With the images removed, write out every line below exactly.

§ **GIVEN DATA**
■ ■ ■ ■ ■

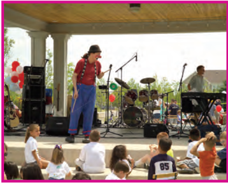
HomeTown Aurora, Aurora, Ill.

and compact, energy-efficient design, namely narrow streets and smaller lots. The smaller than usual suburban lots are offset by 273 acres of open space. Because HomeTown Aurora did not fit neatly into traditional zoning codes, the entitlement process took much longer than it would have for a more conventional subdivision. Early concerns over density and too many school children were never realized; HomeTown Aurora actually generates a $1.2 million surplus for the local school districts.
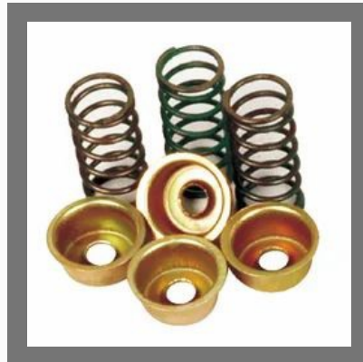
Clutch Spring Cup Set

■ ■ ■ ■ ■

§ **RESPONSE FOR THIS EXERCISE**
HomeTown Aurora, Aurora, Ill.

and compact, energy-efficient design, namely narrow streets and smaller lots. The smaller than usual suburban lots are offset by 273 acres of open space. Because HomeTown Aurora did not fit neatly into traditional zoning codes, the entitlement process took much longer than it would have for a more conventional subdivision. Early concerns over density and too many school children were never realized; HomeTown Aurora actually generates a $1.2 million surplus for the local school districts.
Clutch Spring Cup Set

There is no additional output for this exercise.